3.4. Define log likelihood

As discussed above, we will use a log likelihood that assumes independent Gaussian errors, but with the standard deviations, $\sigma_\epsilon$, proportional to the flow, $Q(t)$. This is a pretty sensible starting point for hydrological modelling, but there are some other issues we are not addressing here. For example, because we are working with time series data we know the errors are unlikely to be independent - most environmental time series exhibit autocorrelation to some degree. It is possible to modify the likelihood function to include autocorrelation too, but we won't go into this yet, because there are some subtleties to consider.

Note that in the function below we've introduced the parameter $m$, which is used to estimate the value of $\sigma_\epsilon$ for each point in the time series.


In [10]:
%%px --local

def log_likelihood(mcmc_params, met_df):
    """ mcmc_params    Vector of parameters [alpha, T_s, T_g, m]
        met_df         Dataframe containing columns 'Rainfall_mm' and 'PET_mm', with datetime index
        
        Returns the log likelihood.
    """   
    # Extract calibrating parameter values
    alpha, T_s, T_g, m = mcmc_params
    
    # Run deterministic model with these parameters
    df = simple_hydro_model(met_df=met_df,
                            ics=[0, 0], # Assume ics at start of model run are always 0
                            mod_params=[alpha, beta, T_s, T_g, fc],
                            period=[st_dt, end_dt])
    
    # Discard the first year of simulations
    df = df.truncate(before='2001-01-01')    

    # Extract arrays for simulated and observed runoff
    sim = df['Sim_Runoff_mm']
    obs = df['Obs_Runoff_mm']

    # Calculate sigma_e for each step
    sigma_e = m*sim

    # Calculate log likelihood. For each element in the arrays sim, sigma_e and obs,
    # this code calculates the log prob of drawing 'obs' from a Gaussian centred on 
    # 'sim' with std. dev. 'sigma_e'. (See Section 2 of notebook 2 for explanation)
    likes = norm(sim, sigma_e).logpdf(obs)
    
    # If flow is zero, sigma_e is zero and scipy.norm returns NaN
    # Set these to -inf instead
    likes[np.isnan(likes)] = -np.inf
    
    # Sum log likes
    ll = np.sum(likes)
    
    return ll

3.5. Define log prior

We must define prior distributions for the model parameters we intend to calibrate (plus the standard deviation of the error term in our likelihood function, which is now controlled by $m$).
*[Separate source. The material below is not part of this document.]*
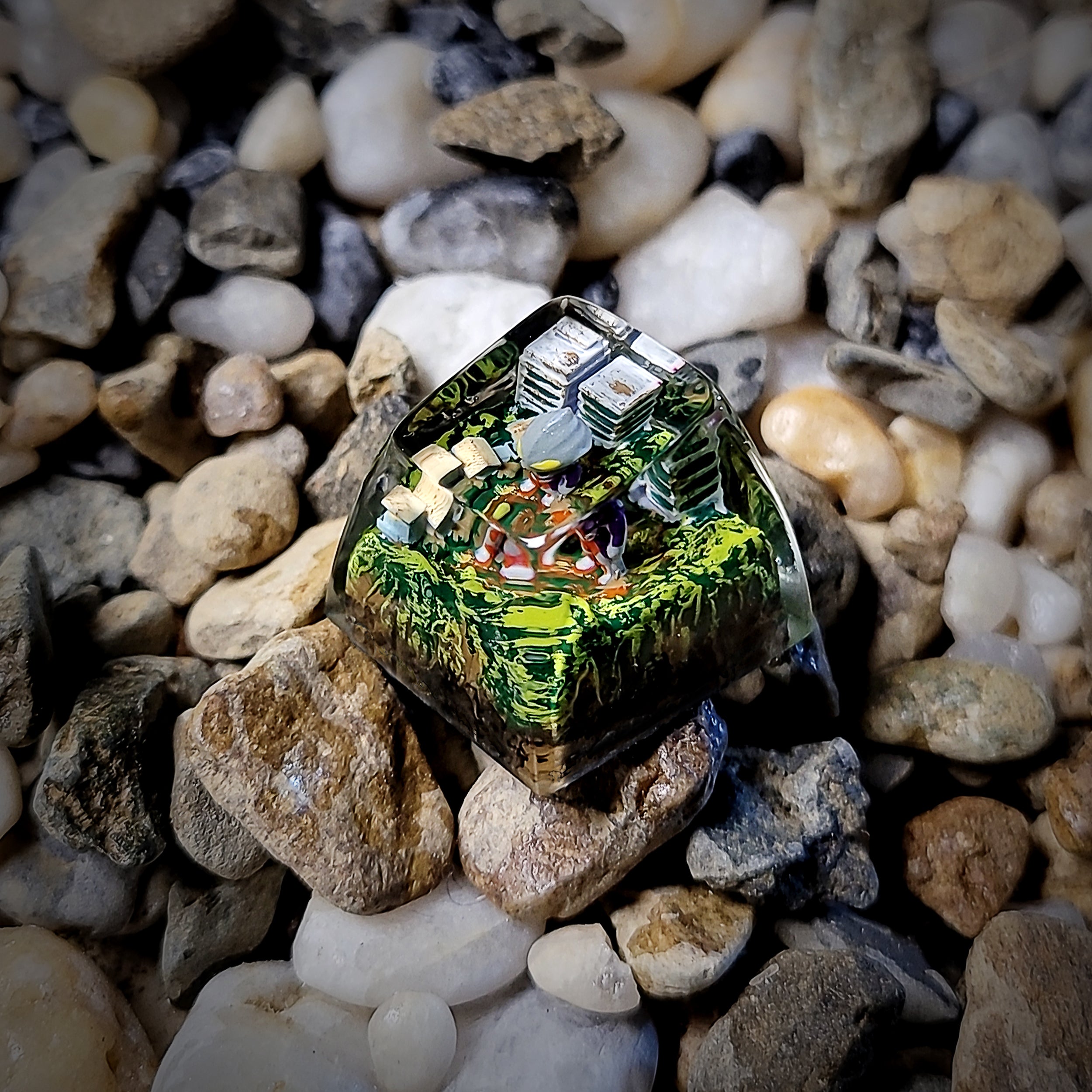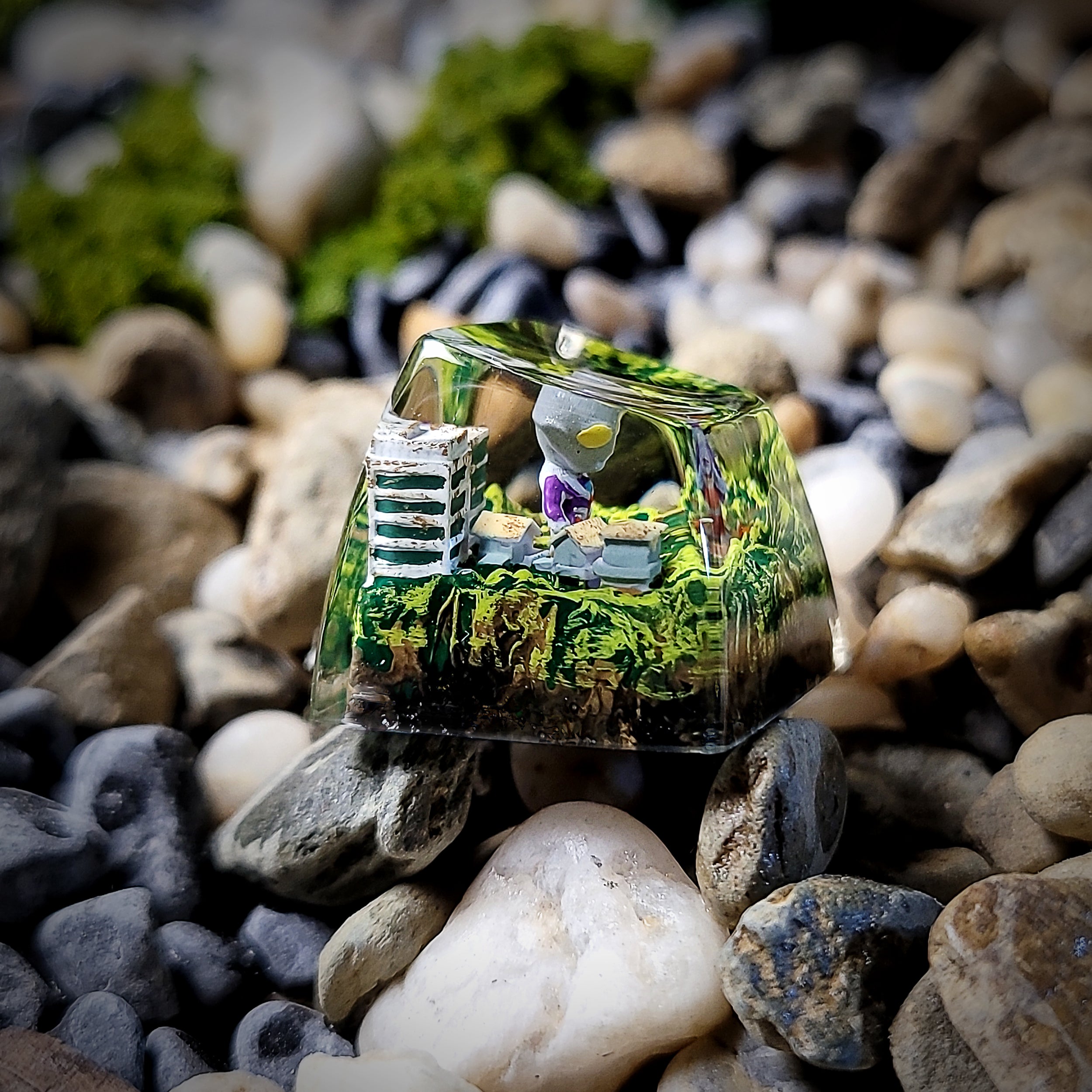 This handcrafted 1u resin keycap captures the heroic essence of Ultraman, the legendary defender from Japanese tokusatsu lore. Encased beneath a crystal-clear resin dome, Ultraman’s iconic silver and red helmet is sculpted with precision, featuring his glowing yellow eyes and signature crest. Each detail is carefully painted by hand, preserving the character’s bold, futuristic design in striking miniature form.

The model parameters of interest are $\alpha$, $\tau_s$ and $\tau_g$ and, for the sake of simplicity, we will assume uniform distributions for all of them.

Note that the constants alpha_max etc. in the code below will be specified later.


In [11]:
%%px --local

def log_prior(mcmc_params):
    """ mcmc_params is the vector of parameters [alpha, T_s, T_g, m]
    
        Returns the log prior probability of p
    """
    # Extract calibrating parameter values
    alpha, T_s, T_g, m = mcmc_params
    
    # If all parameters are within allowed ranges, return a constant 
    # (anything will do - I've used 0 here)
    if ((0 <= alpha < alpha_max) and (0 <= T_s < T_s_max) and 
        (0 <= T_g < T_g_max) and (0 <= m < m_max)):
        return 0
    # Else the parameter set is invalid (probability = 0; log prob = -inf)
    else:
        return -np.inf

3.6. Define log posterior

The log posterior distribution is (proportional to) the sum of the log prior and the log likelihood. The code below is almost identical to that used in Section 7.5 of notebook 4.


In [12]:
%%px --local

def log_posterior(mcmc_params, met_df):
    """ mcmc_params    Vector of parameters [alpha, T_s, T_g, m]
        met_df         Dataframe containing columns 'Rainfall_mm' and 'PET_mm', with datetime index
        
        Returns the log posterior.
    """   
    # Get log prior prob
    log_pri = log_prior(mcmc_params)

    # Evaluate log likelihood if necessary
    if np.isfinite(log_pri):
        log_like = log_likelihood(mcmc_params, met_df)
        
        # Calculate log posterior
        return log_pri + log_like
    
    else:
        # Log prior is -inf, so log posterior is -inf too
        return -np.inf

3.7. Read the input data

Ultimately, we want to use the real data from the Tarland catchmemnt to calibrate our model. Before we do that, however, it is worth testing our entire workflow using some synthetic data to assess our approach.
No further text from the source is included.